# Cluster Internals

This article describes several of the service elements that constitute a notable portion of the Platform9 components. In addition to the pf9-hostagent, pf9-comms, and pf9-nodelet services, Platform9 also installs other services that comprise a Kubernetes Cluster. The [Host Internals](https://platform9.com/docs/v5.3/PES/host-internals) page describes these elements in additional detail.

For further details on nodelet, please review the [Nodelet](https://platform9.com/docs/kubernetes/nodelet) page filed under the PMK documentation. The following diagram illustrates a high-level view of the different services, containers, and processes involved in creating the cluster. In the diagram below, note the hierarchy of various components.

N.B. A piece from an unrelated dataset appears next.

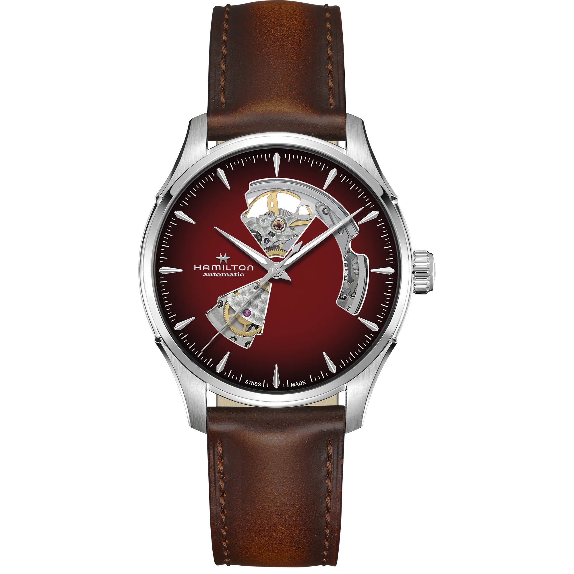 Let precision take center stage with the 40mm Jazzmaster Open Heart and its smoky burgundy cut-out dial, revealing the subtle beauty of this timepiece's inner mechanics. Bringing the H-10-S automatic movement into the spotlight, with an 80 hour power reserve and Nivachron™ balance spring, the Jazzmaster Open Heart is paired with a matching brown smoky leather strap, showcasing Hamilton's ever-evolving craftsmanship and attention to detail.
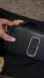 Stylish black crossbody bag with gold accents. Features a bold logo design.

* **pf9-hostagent:** This is the prominent service that is responsible for initiating nodeletd.
* **nodeletd:** The nodeletd functions on the worker and master differ slightly. For example, the following diagram shows a master configuration. It starts these three primary services:
  * kubelet
  * dockerd
  * keepalived

![](https://content.gitbook.com/content/tZryvDiHvZIhOZofYOWU/blobs/11MZhQmnM0PvFacf8LIe/1633651672.png)

* **dockerd:** This process creates containers via the docker daemon.
* **keepalived:** Bare metal systems primarily use keepalived to provide highly available IP addresses between the different Kubernetes API servers.
* **kubelet:** This Kubernetes component runs as needed as a systemd unit file. It initiates various containers like the k8s-master, apiserver, controller, scheduler, etc. It also starts the addon-operator, which in turn launches other critical system addons.
* **kube-proxy, etcd:** Both of these components run as docker containers.

### Master - Worker Connections

The following diagram illustrates the different networking connections between masters and workers.

* **etcd:** etcd creates clusters and allows them to talk, if it exists in a mesh network.
* **apiserver:** The apiserver on each master talks to the other corresponding etcd processes on each localhost.
* **VIP:** A virtual IP (or VIP) is created and is maintained by keepalived using the VRRP protocol. Workers use the VIP to communicate with the masters. If a node fails, the VIP will move between the master nodes.
* **kubelet:** The kubelet on each worker node will connect to the VIP (and hence, each of the servers).